Their experience should inform your benefits strategy.
Workers born in the early 1980s held an average of 6.2 jobs between the ages of 18 and 26, and 57% of those jobs lasted less than a year, says the U.S. Bureau of Labor Statistics.
Employers value stability in their workforce and try to tailor benefit plans to retain employees. But today’s millennial workers are less interested in (and less knowledgeable about) their workplace benefits than older colleagues, according to an Employee Benefit Research Institute survey.
EBRI found that millennials—the oldest of them are now 36 years old—are less likely than baby boomers (born 1948-1964) and members of Generation X (1965-1981) to report health insurance as the most important benefit they receive at work.
Compared to older cohorts, they place more value on time off and the ability to call their own career shots.
Millennials are drawn to employers that offer flexibility. They’ve grown up being able to make more personalized choices, so they’re less interested in static, fixed benefit plans. They strongly favor being able to pick through a menu of benefits options.
According to research by MetLife, here are the benefits millennials value:
1. Training and development. Millennials don’t expect just a chair and a paycheck. More than half (58%) say they expect employers to provide them with real learning opportunities related to their positions. And 42% want feedback from supervisors and mentors every week.
2. Flexible hours that support a positive work/life balance. More than three-quarters believe flexible work hours make them more productive, and 43% say they’d switch jobs if offered greater flexibility elsewhere.
3. Competitive compensation. Money talks with any age group, but millennials don’t believe in pay-for-pulse.
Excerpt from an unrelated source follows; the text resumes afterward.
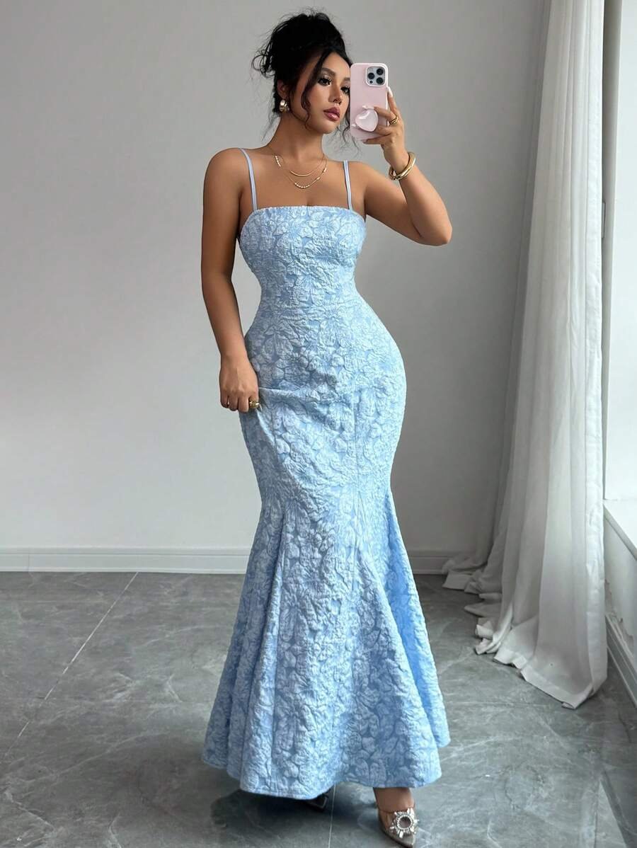 Vestido ajustado de malla con tira cruzada de cuello halter

The survey shows a majority of millennials prefer performance-based compensation rather than a rigid salary structure based on longevity.
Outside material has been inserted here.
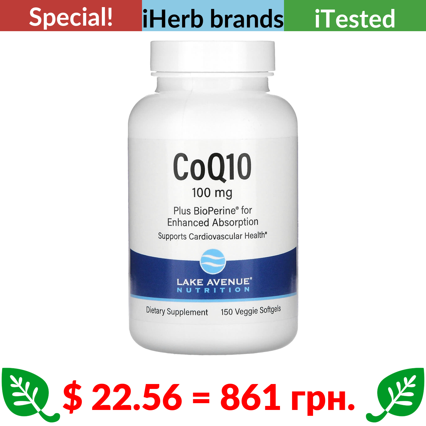 $ 22.56 = 861 грн. ???? cуперакція! ???? Lake Avenue Nutrition, CoQ10 with Bioperine, 100 mg, 150 Softgels
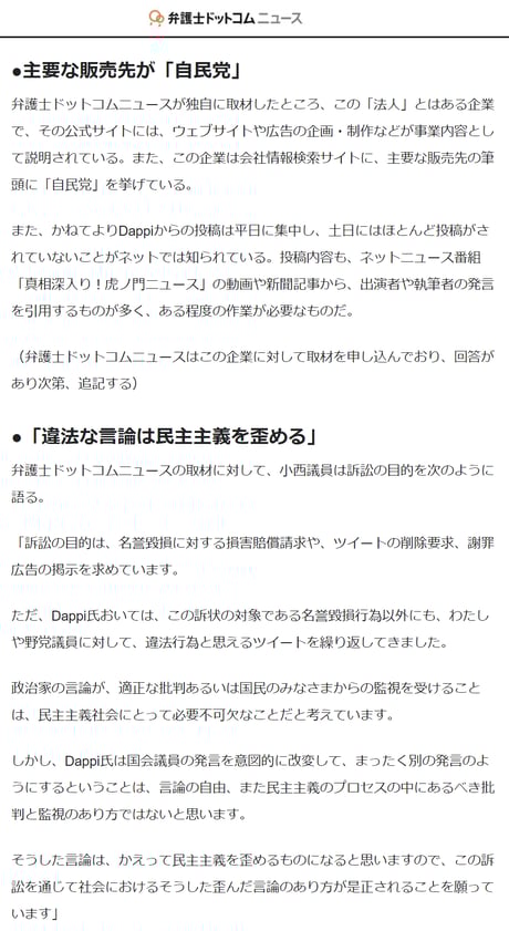 ※ 「また、小西議員は以前、ツイッターで、Dappiとは別のアカウントから「殺害予告」を受けたことがあるという。」と、あたかもDappiが「殺人予告」と関連があるかのような印象操作を行なう悪質な記事ですね。

4. Comprehensive health care. Almost all (96%) would choose a job based on the health care package offered, all other factors being equal.
5. Retirement funding. Contrary to common stereotypes, millennials do take a long view. They worked through the recession, so they see the benefit of saving. More than half want to invest in retirement savings. They actively seek organizations that offer an employer match.
Get ready for Generation Z
Those fresh college grads entering the workforce this summer aren’t millennials. They’re the first wave of what demographers have dubbed Generation Z.
Roughly defined as people born after 1995 and before 2014, Gen Z is the next age cohort HR pros will have to get to know. They make up 25% of the U.S. population, more than baby boomers, more than millennials.
To know about Gen Z: They have been called the Homeland Generation because the Sept. 11, 2001, terrorist attacks defined their childhoods, even those born long afterward. They have never known a world without the internet—or smartphones. Many worry they will always be burdened by student debt.